When increasing by the second U-shaped paster 3 in final dual band design, extra radiation zero can be produced, because two
The electric current on groove both sides between individual U-shaped paster is out of phase.Therefore, there are 4 radiation zeros in stopband, greatly enhance
The alternative and compression level of filter antenna.

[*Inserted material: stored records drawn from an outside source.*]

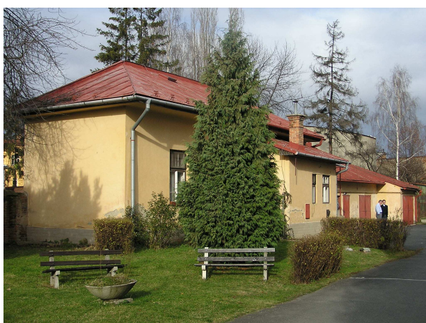
Obr. č. 5: Byt domovníka s dielňami a garážou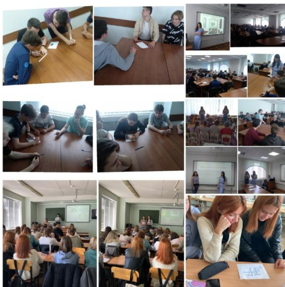
Рисунок 4 Экологическое мероприятие в «Липецком металлургическом колледже»

За последний год мы провели более 5 мероприятий, связанных с экологическим просвещением и образованием. Сейчас мы понимаем, что всё это делаем не напрасно, ведь студенты нашего колледжа чаще интересуются и участвуют в экологических мероприятиях. Мы рады, что послужили для них примером.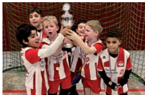
Die U9-Junioren feiern den Turniersieg.

Am Ende setzte sich also der VfL Eintracht Hannover durch und sicherte sich mit konstant starken Leistungen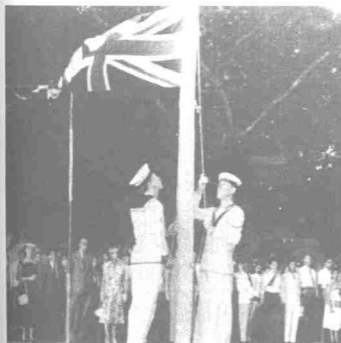
Bendera Union Jack diturunkan buat kali terakhir dan digantikan dengan bendera Persekutuan Tanah Melayu.

Di Padang Pahlawan ini juga telah menyaksikan bagaimana hebatnya pahlawan-pahlawan Melayu Melaka memberi tentangan terhadap pencerobohan penjajah Portugis pada tahun 1511.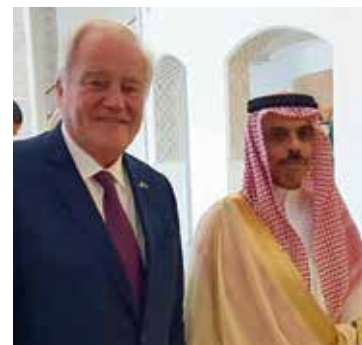
➤ Avec S.A.R le Prince Faïçal al Farhane, Ministre des Affaires étrangères.

Avec le Ministre des Affaires étrangères, Jean-Yves Le Drian, pour une reprise du dialogue avec ce pays essentiel à la stabilité de cette région. Même si nous ne partageons pas toujours les mêmes valeurs, la coopération avec l'Arabie Saoudite est essentielle pour calmer les tensions dans la région.

When the antenna element shown in Fig. 1 and Fig. 2 C is operated in second working band, the first U-shaped paster 2 is energized, the
The non-radiating of two U-shaped paster 3 but as load.On the contrary, when antenna cell operation is in first job frequency band, first is U-shaped
The non-radiating of paster 2 but the second U-shaped paster 3 is encouraged as a part for feed structure.Because two U-shaped pasters and feed are tied
Structure can be separated and designed, therefore can respectively control two working bands.As shown in Fig. 9 A, 9B, by adjusting the first open-circuit
The length L of single short-term in short-term 57With the length p of the first U-shaped paster 22Can be with independent control frequency band higher, by regulation the
The length L of single short-term in two open-circuit short-terms 68With the length p of the second U-shaped paster 31High frequency band can had little influence on
Under conditions of the relatively low frequency band of independent control.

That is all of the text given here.